◆ ACTION ITEM
The reply must consist of the complete listing, reproduced exactly, with no images included.

*** Opening of THE DATA ***

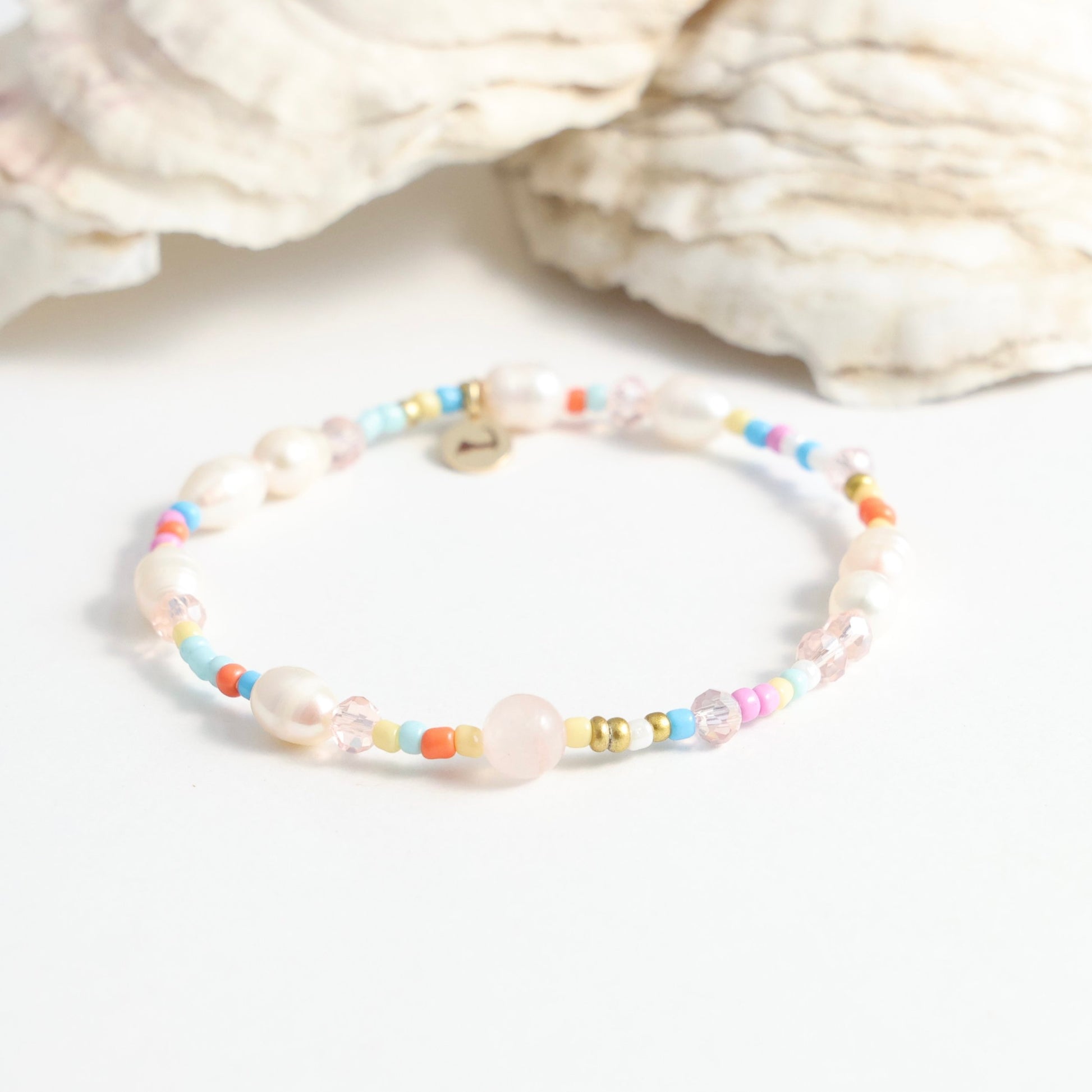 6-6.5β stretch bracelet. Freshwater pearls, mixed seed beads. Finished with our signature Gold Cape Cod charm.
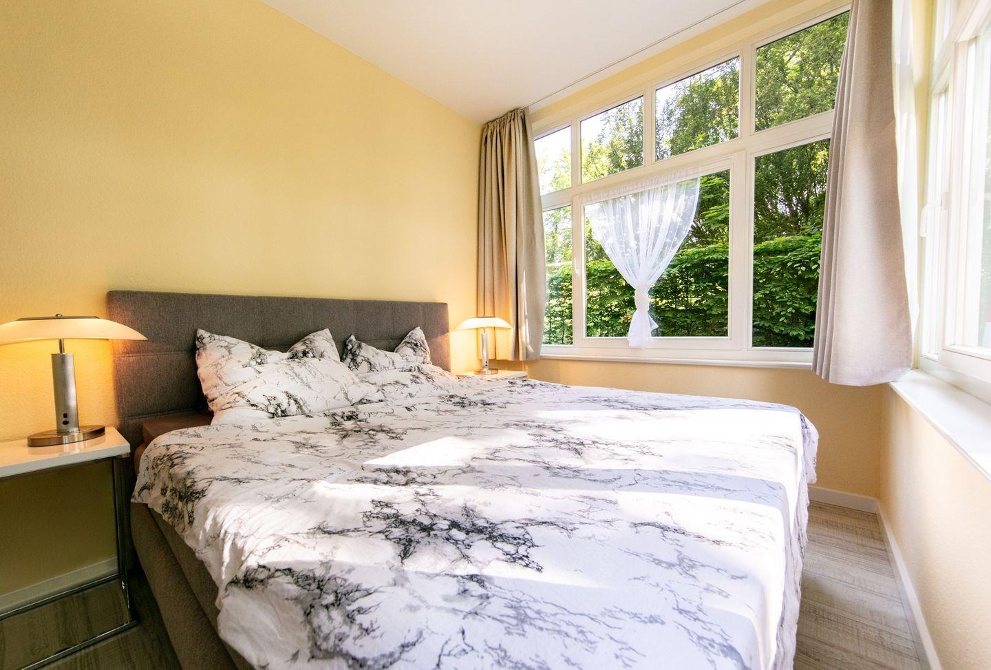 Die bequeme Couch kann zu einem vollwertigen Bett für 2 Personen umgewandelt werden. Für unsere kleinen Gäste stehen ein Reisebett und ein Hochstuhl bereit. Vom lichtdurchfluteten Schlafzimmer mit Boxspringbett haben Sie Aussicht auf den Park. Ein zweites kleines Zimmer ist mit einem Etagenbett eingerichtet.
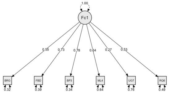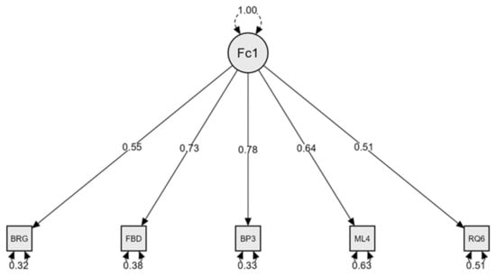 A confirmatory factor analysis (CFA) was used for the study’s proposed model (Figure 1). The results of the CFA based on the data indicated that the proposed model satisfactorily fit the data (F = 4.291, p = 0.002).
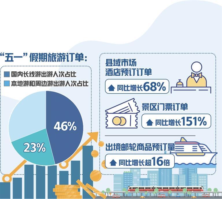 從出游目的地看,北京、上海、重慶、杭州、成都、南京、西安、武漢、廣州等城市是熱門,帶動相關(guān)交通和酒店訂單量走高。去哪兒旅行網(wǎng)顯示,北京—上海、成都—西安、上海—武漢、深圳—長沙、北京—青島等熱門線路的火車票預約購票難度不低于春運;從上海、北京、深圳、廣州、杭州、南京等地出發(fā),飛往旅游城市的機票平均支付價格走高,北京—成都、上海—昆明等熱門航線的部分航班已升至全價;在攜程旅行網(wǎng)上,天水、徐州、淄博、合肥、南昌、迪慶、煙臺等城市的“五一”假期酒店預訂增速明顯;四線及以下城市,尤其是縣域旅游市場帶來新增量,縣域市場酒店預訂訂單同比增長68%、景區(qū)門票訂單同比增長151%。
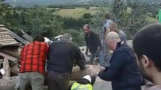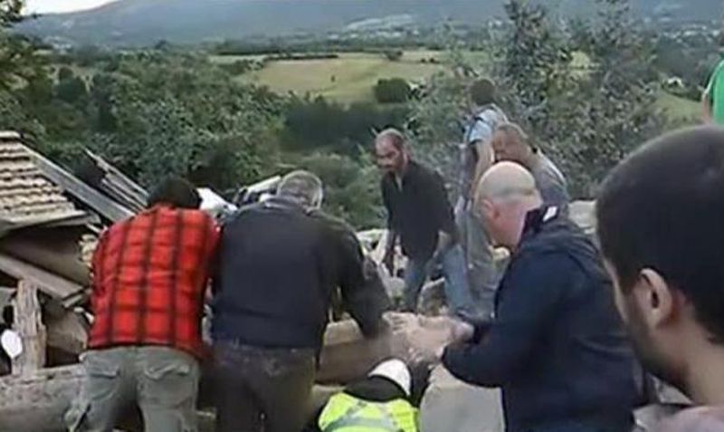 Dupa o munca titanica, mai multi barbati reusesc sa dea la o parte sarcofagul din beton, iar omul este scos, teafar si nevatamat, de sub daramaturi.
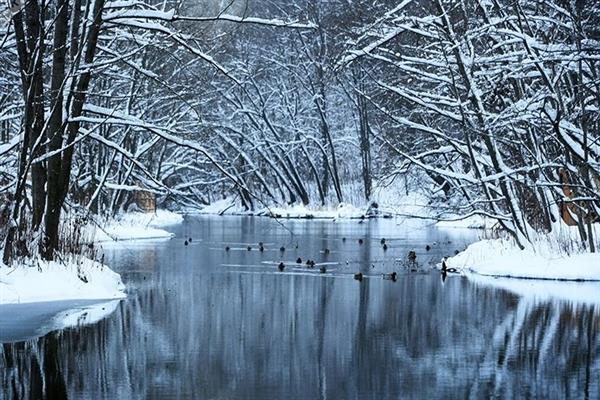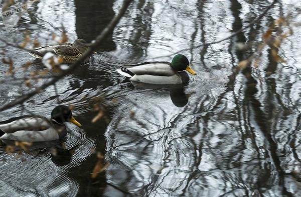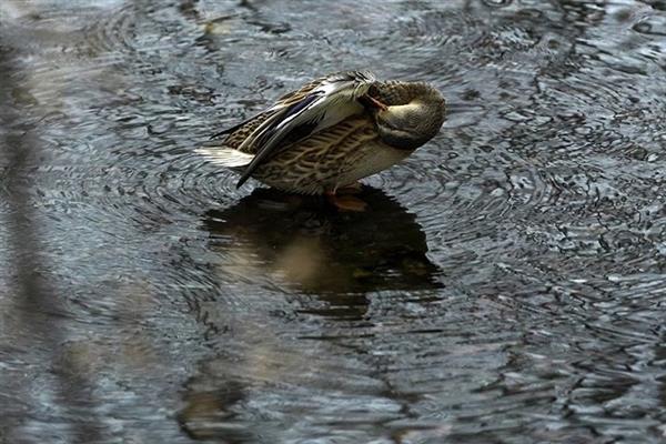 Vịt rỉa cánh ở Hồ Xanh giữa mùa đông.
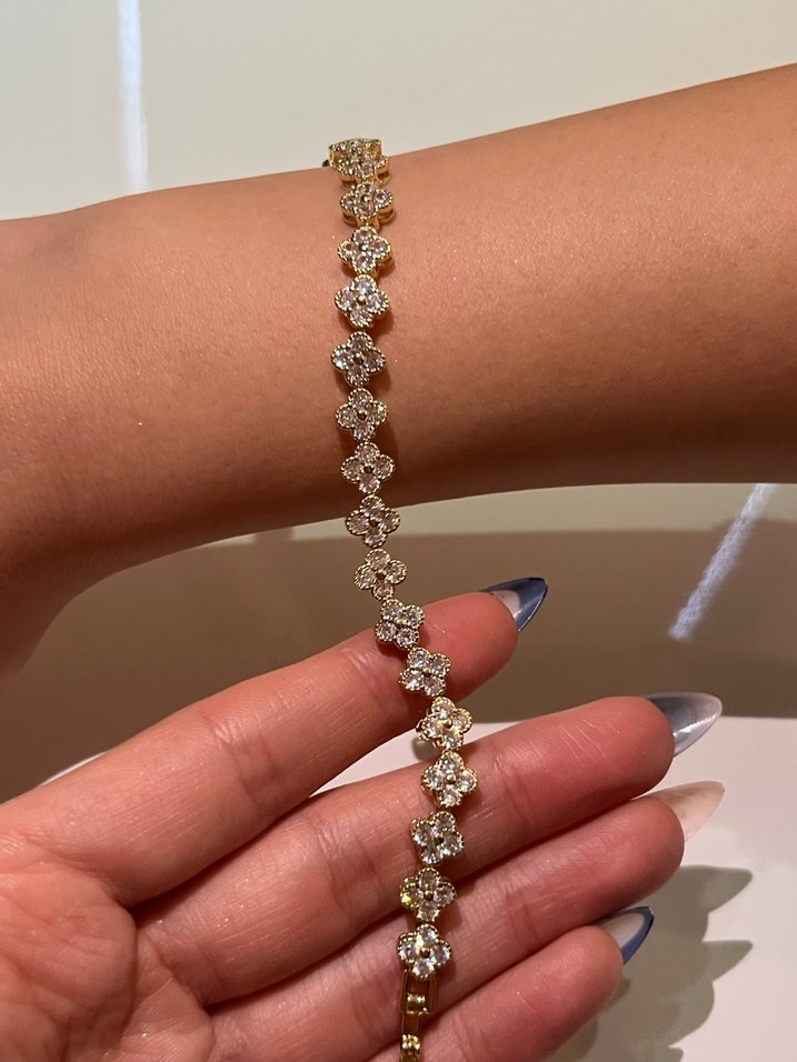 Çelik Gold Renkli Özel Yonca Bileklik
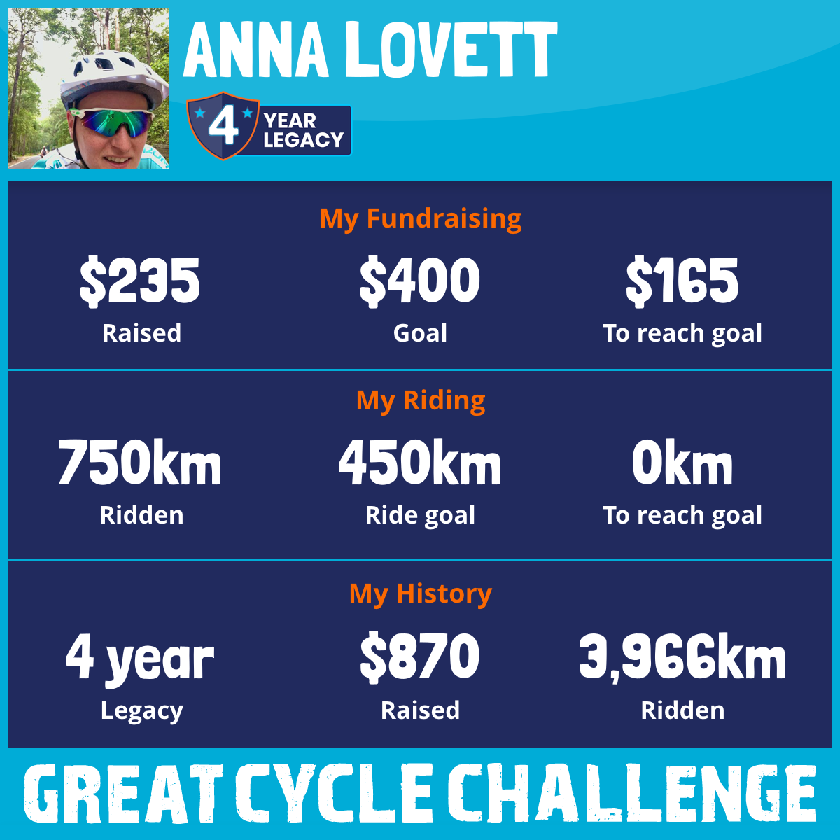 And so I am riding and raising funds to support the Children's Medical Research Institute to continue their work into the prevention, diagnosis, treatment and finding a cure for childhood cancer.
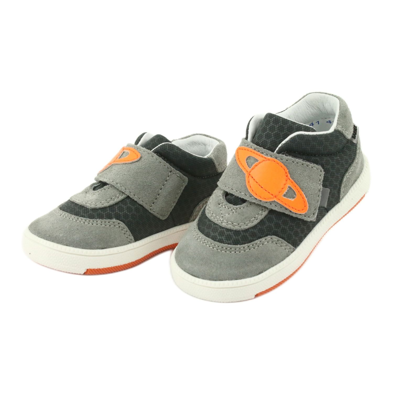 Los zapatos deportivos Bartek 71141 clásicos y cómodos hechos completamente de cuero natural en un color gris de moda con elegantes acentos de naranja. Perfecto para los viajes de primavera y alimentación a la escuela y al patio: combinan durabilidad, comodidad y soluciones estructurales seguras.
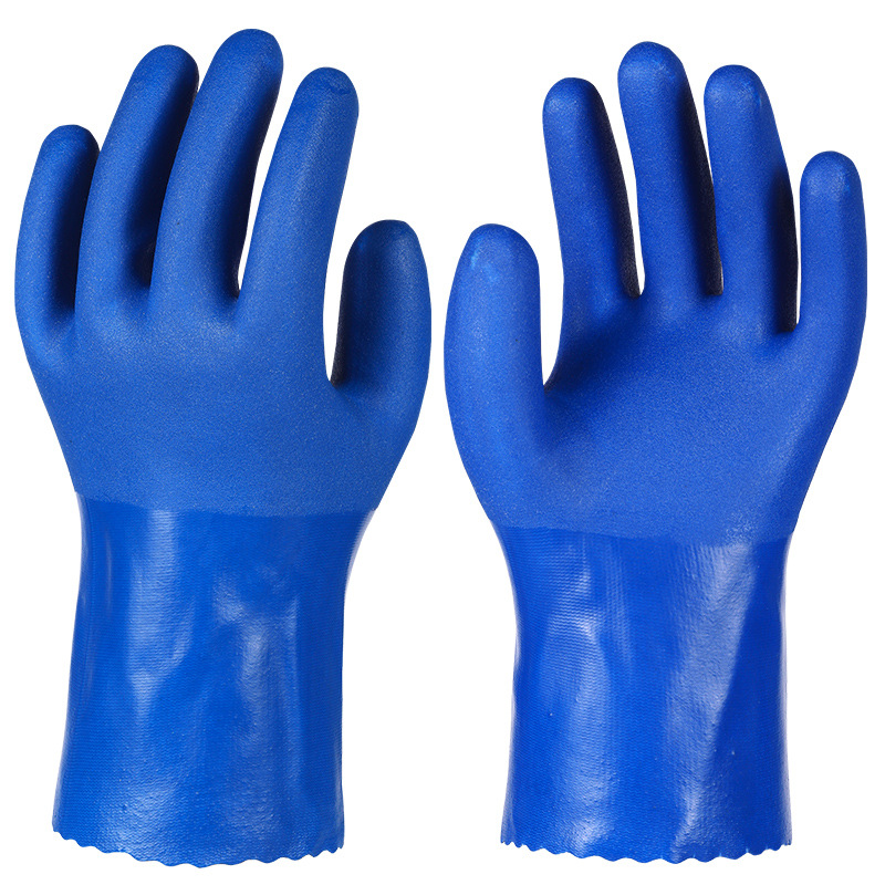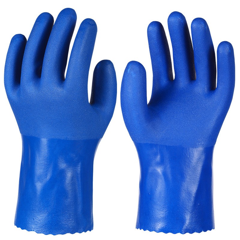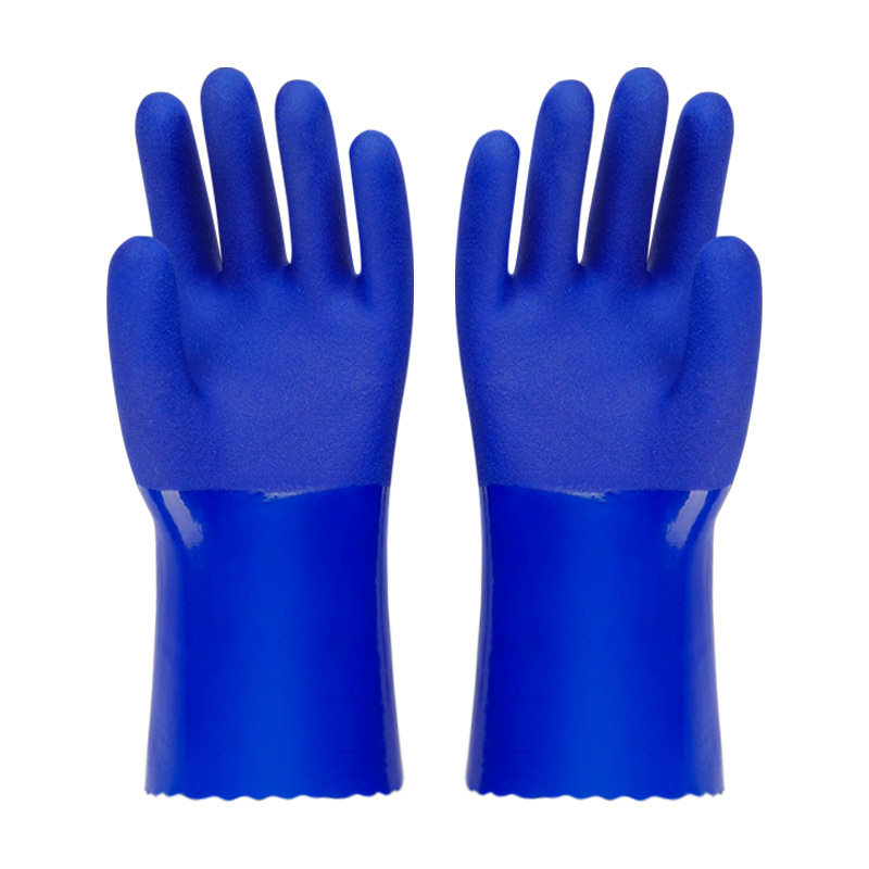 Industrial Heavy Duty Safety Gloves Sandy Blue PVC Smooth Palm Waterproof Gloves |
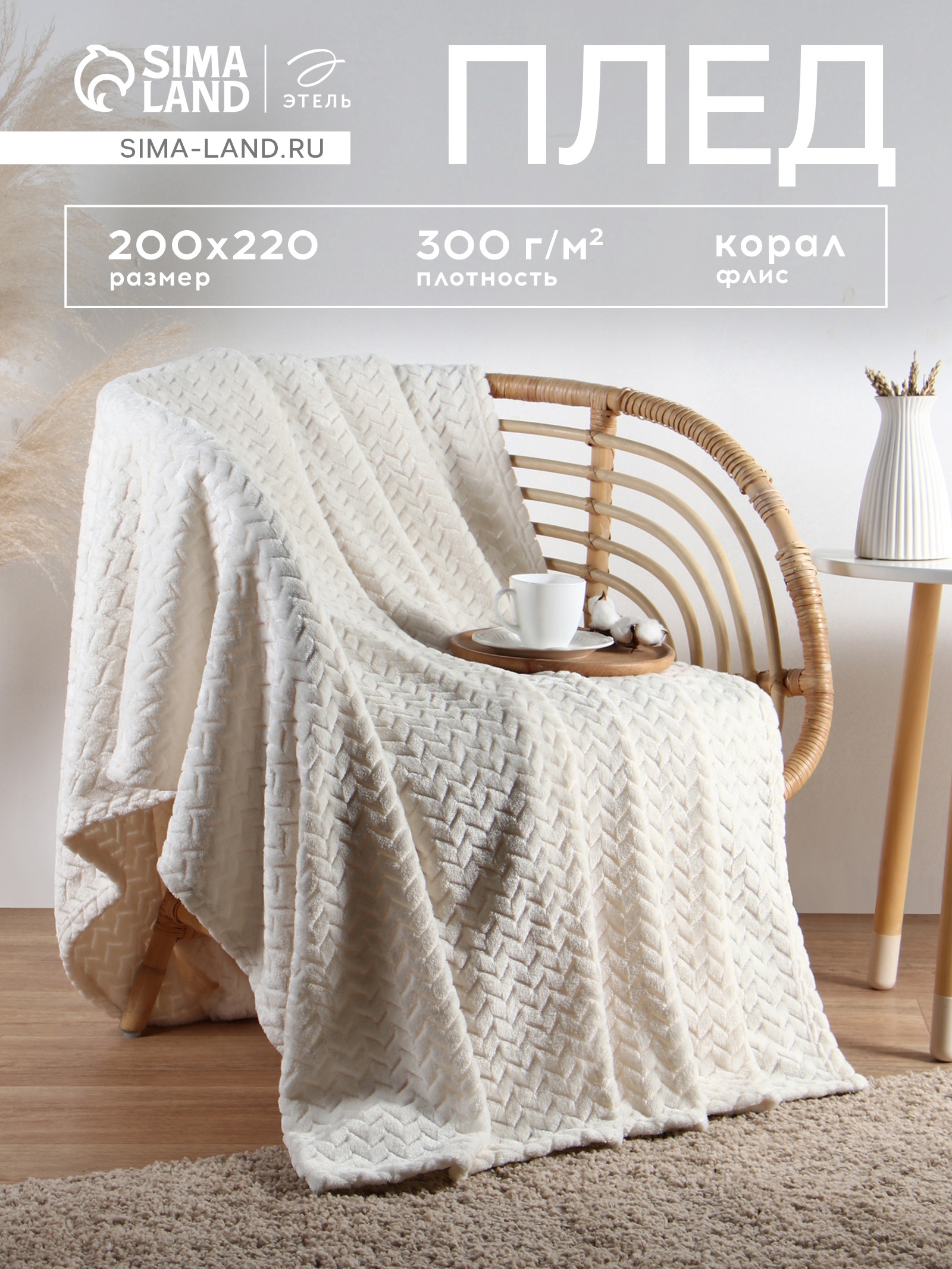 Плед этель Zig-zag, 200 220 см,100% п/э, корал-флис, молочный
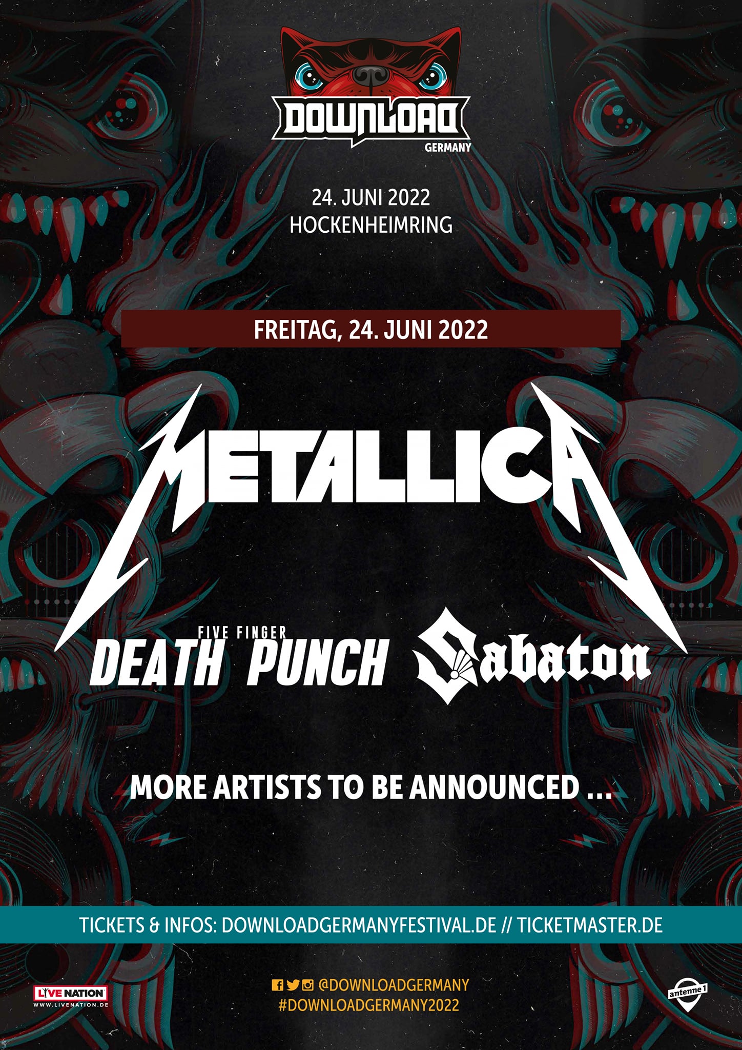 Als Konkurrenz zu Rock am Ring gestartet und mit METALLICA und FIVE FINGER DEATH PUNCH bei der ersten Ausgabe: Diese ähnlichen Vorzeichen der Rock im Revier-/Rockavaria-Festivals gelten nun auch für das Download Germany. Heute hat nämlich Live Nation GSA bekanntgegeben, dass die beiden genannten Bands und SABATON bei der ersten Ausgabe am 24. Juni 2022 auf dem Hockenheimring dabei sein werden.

*** Close of THE DATA ***

◆ TASK RESULT
 6-6.5β stretch bracelet. Freshwater pearls, mixed seed beads. Finished with our signature Gold Cape Cod charm.
 Die bequeme Couch kann zu einem vollwertigen Bett für 2 Personen umgewandelt werden. Für unsere kleinen Gäste stehen ein Reisebett und ein Hochstuhl bereit. Vom lichtdurchfluteten Schlafzimmer mit Boxspringbett haben Sie Aussicht auf den Park. Ein zweites kleines Zimmer ist mit einem Etagenbett eingerichtet.
 A confirmatory factor analysis (CFA) was used for the study’s proposed model (Figure 1). The results of the CFA based on the data indicated that the proposed model satisfactorily fit the data (F = 4.291, p = 0.002).
 從出游目的地看,北京、上海、重慶、杭州、成都、南京、西安、武漢、廣州等城市是熱門,帶動相關(guān)交通和酒店訂單量走高。去哪兒旅行網(wǎng)顯示,北京—上海、成都—西安、上海—武漢、深圳—長沙、北京—青島等熱門線路的火車票預約購票難度不低于春運;從上海、北京、深圳、廣州、杭州、南京等地出發(fā),飛往旅游城市的機票平均支付價格走高,北京—成都、上海—昆明等熱門航線的部分航班已升至全價;在攜程旅行網(wǎng)上,天水、徐州、淄博、合肥、南昌、迪慶、煙臺等城市的“五一”假期酒店預訂增速明顯;四線及以下城市,尤其是縣域旅游市場帶來新增量,縣域市場酒店預訂訂單同比增長68%、景區(qū)門票訂單同比增長151%。
 Dupa o munca titanica, mai multi barbati reusesc sa dea la o parte sarcofagul din beton, iar omul este scos, teafar si nevatamat, de sub daramaturi.
 Vịt rỉa cánh ở Hồ Xanh giữa mùa đông.
 Çelik Gold Renkli Özel Yonca Bileklik
 And so I am riding and raising funds to support the Children's Medical Research Institute to continue their work into the prevention, diagnosis, treatment and finding a cure for childhood cancer.
 Los zapatos deportivos Bartek 71141 clásicos y cómodos hechos completamente de cuero natural en un color gris de moda con elegantes acentos de naranja. Perfecto para los viajes de primavera y alimentación a la escuela y al patio: combinan durabilidad, comodidad y soluciones estructurales seguras.
 Industrial Heavy Duty Safety Gloves Sandy Blue PVC Smooth Palm Waterproof Gloves |
 Плед этель Zig-zag, 200 220 см,100% п/э, корал-флис, молочный
 Als Konkurrenz zu Rock am Ring gestartet und mit METALLICA und FIVE FINGER DEATH PUNCH bei der ersten Ausgabe: Diese ähnlichen Vorzeichen der Rock im Revier-/Rockavaria-Festivals gelten nun auch für das Download Germany. Heute hat nämlich Live Nation GSA bekanntgegeben, dass die beiden genannten Bands und SABATON bei der ersten Ausgabe am 24. Juni 2022 auf dem Hockenheimring dabei sein werden.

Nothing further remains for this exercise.